The optimal sequencing of treatment with immunotherapy and targeted therapy in patients with BRAF-mutant advanced melanoma has been a topic of considerable interest [12]. As the results of ongoing clinical trials investigating the optimal sequencing of these combinations are not yet available [13,14], cross-trial comparisons and retrospective analyses can be used to assess the relative benefits of these treatments. In the current study, survival probabilities were similar between patients treated with first-line nivolumab plus ipilimumab followed by subsequent BRAF plus MEK inhibitors and those treated with first-line BRAF plus MEK inhibitors followed by subsequent nivolumab plus ipilimumab (52 vs 50%). However, patients who received anti-PD-1 monotherapy subsequent to BRAF plus MEK inhibitors had a numerically lower survival rate than those who received nivolumab plus ipilimumab as subsequent therapy (37 vs 50%). Although the survival rate was better with subsequent nivolumab plus ipilimumab, a higher proportion of patients received subsequent anti-PD-1 monotherapy than nivolumab plus ipilimumab (24 vs 13%), which may have been due to the better safety profile with anti-PD-1 monotherapy. A sequencing model incorporating data from the CheckMate 067 and 069 and COMBI-v and COMBI-d studies also showed that total life-years were higher in patients who initiated first-line nivolumab plus ipilimumab followed by subsequent BRAF plus MEK inhibitors (8.4 years) compared with first-line anti-PD-1 therapies followed by subsequent BRAF plus MEK inhibitors (6.9 years) or first-line BRAF plus MEK inhibitors followed by subsequent anti-PD-1 therapy (3.2 years) [21]. Although this study did not include patients treated with first-line BRAF plus MEK inhibitors followed by nivolumab plus ipilimumab due to lack of data availability on this sequence, the results showed that treatment with first-line nivolumab plus ipilimumab followed by subsequent BRAF plus MEK inhibitors yielded the most benefit and was cost-effective [21]. In contrast to the results of the current study, a recent retrospective study showed that survival was similar in patients receiving the combination of nivolumab plus ipilimumab or anti-PD-1 monotherapies following failure of targeted therapy in those with poor prognostic factors [22]. The reason for the different outcomes in these two studies may, in part, be attributed to differences in the patient populations.
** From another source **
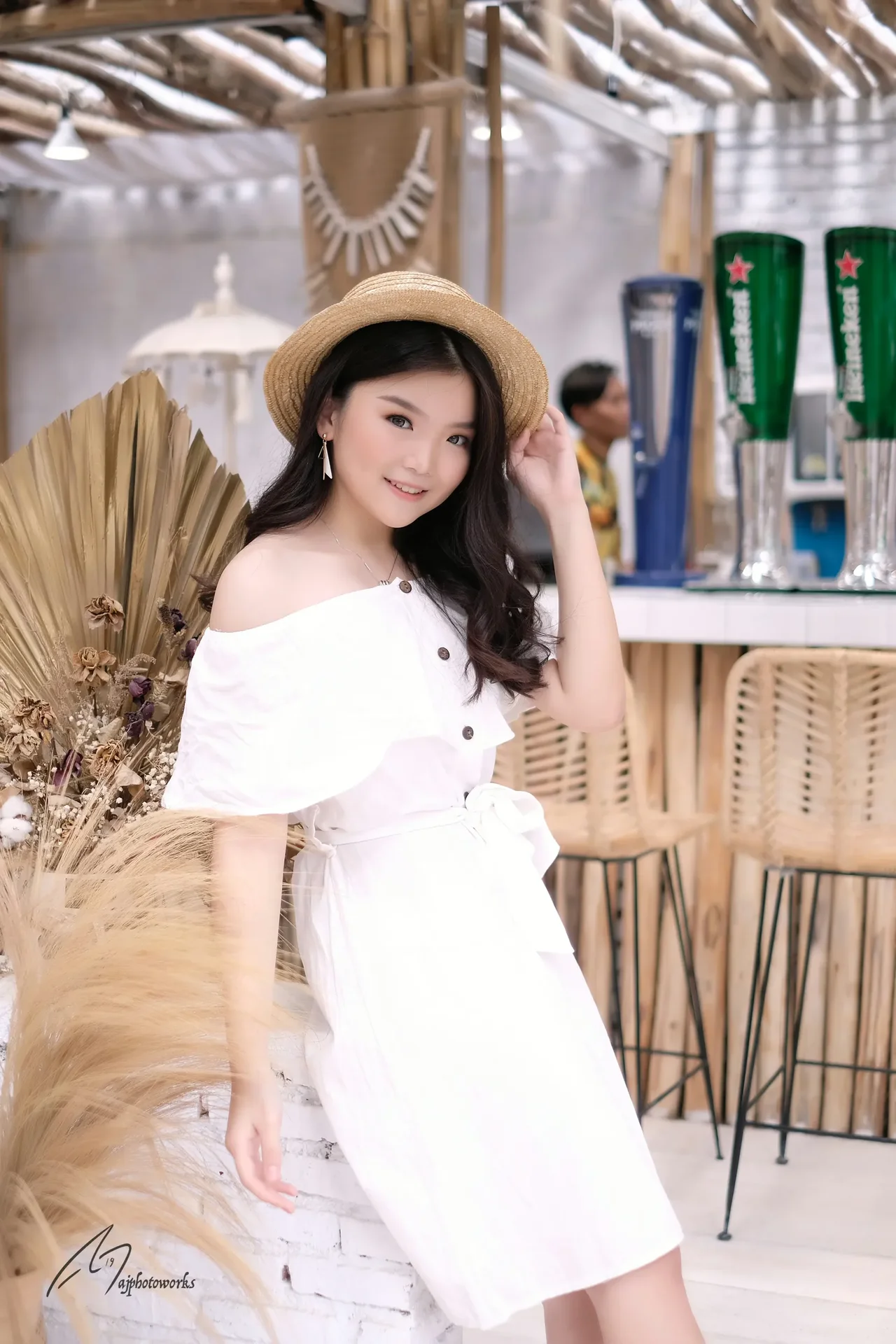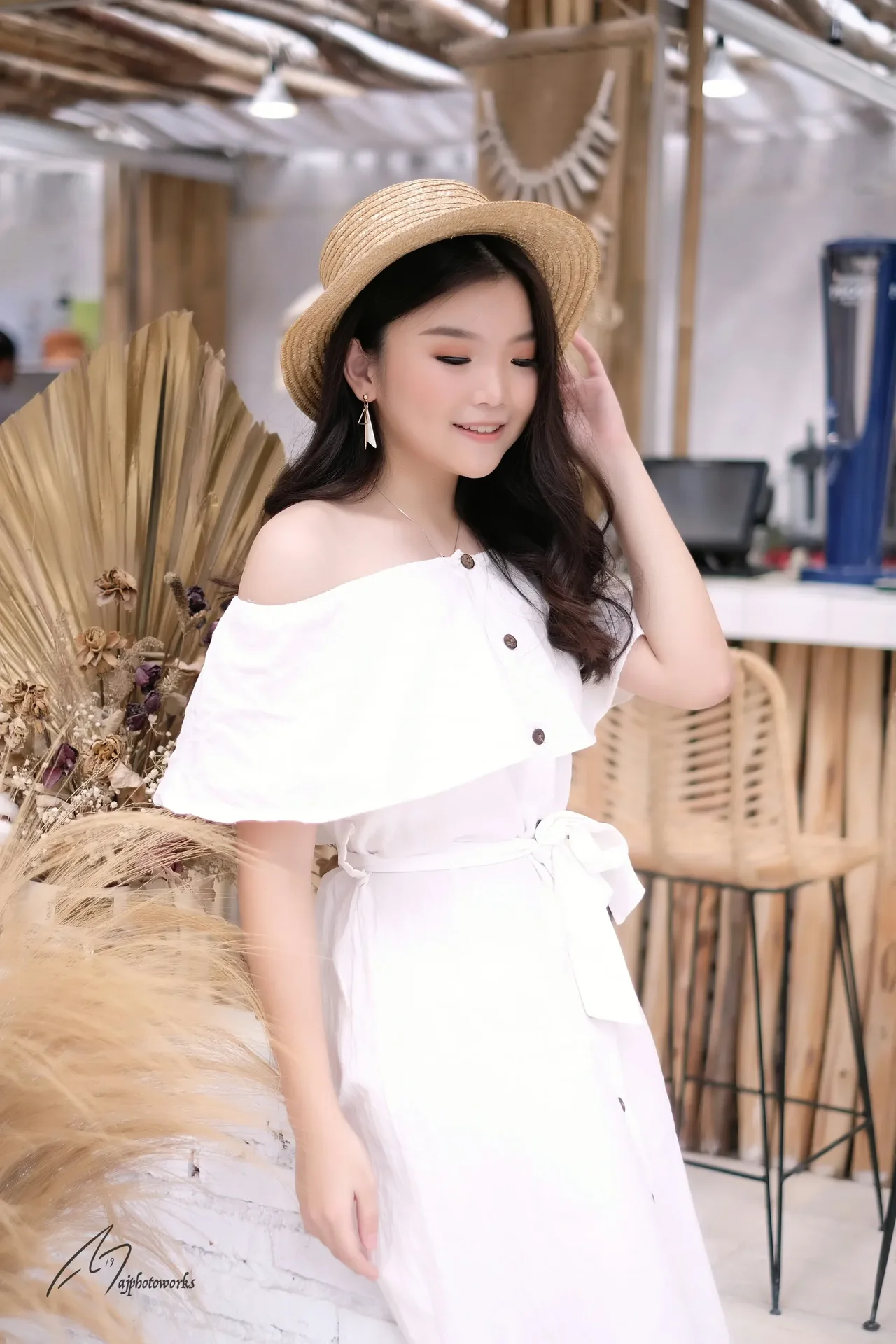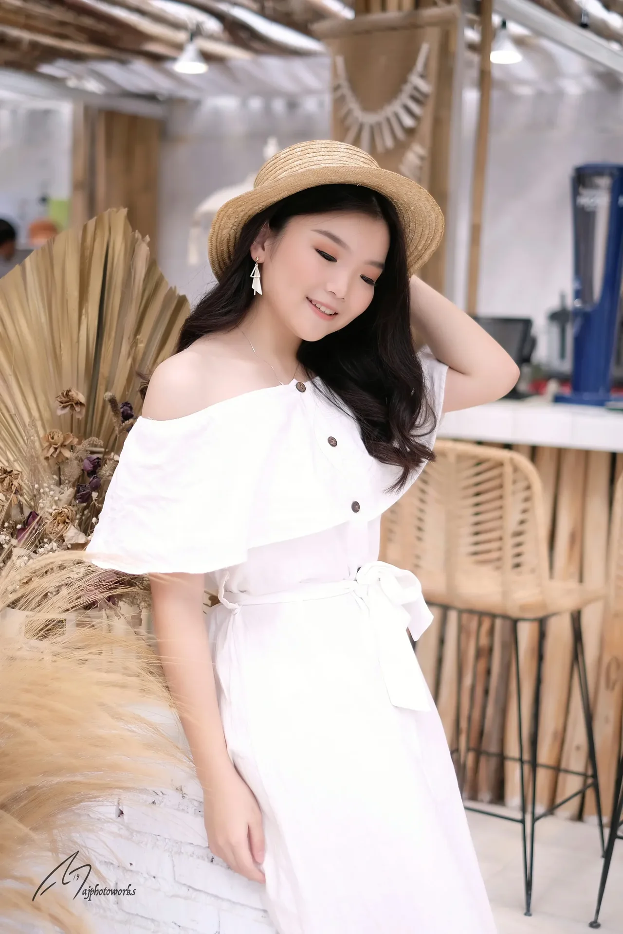 Elegance in simplicity embodies timeless charm, where a serene smile and sunlit warmth create an atmosphere of joyous tranquility.

The limitations of this analysis were largely inherent to those of a retrospective observational study and should be considered in interpreting these findings. Data were limited in a number of clinical characteristic categories: For example, ECOG performance status and LDH status were missing in 18 and 36% of patients, respectively; M stage at advanced melanoma diagnosis was not available, and most patients were not tested for PD-L1 status. Due to the small sample size, baseline characteristics were not matched between the treatment groups; however, we adjusted for baseline differences in the survival analyses. Furthermore, adverse events associated with immunotherapy and targeted therapy treatment were not available in this database. The adverse event profile is an important consideration in the overall benefit–risk discussion with patients. In addition, the follow-up period was relatively short in this study, and therefore long-term effects were not captured. Previous analyses have suggested that the benefit of nivolumab plus ipilimumab may increase over time [19,20].

Conclusion

To our knowledge, no clinical trials have reported results that have directly compared the effectiveness of combination therapy with nivolumab plus ipilimumab versus BRAF plus MEK inhibitors in patients with BRAF-mutant advanced melanoma. In the absence of head-to-head data, a real-world study such as the one presented here may help guide treatment decisions. The results of this observational study demonstrated that patients with advanced melanoma initiating treatment with nivolumab plus ipilimumab had a 32% reduced risk of death compared with those initiating treatment with BRAF plus MEK inhibitors, despite having a lower proportion of patients who received subsequent therapies. These results will require further validation in ongoing randomized trials that directly compare these combination approaches.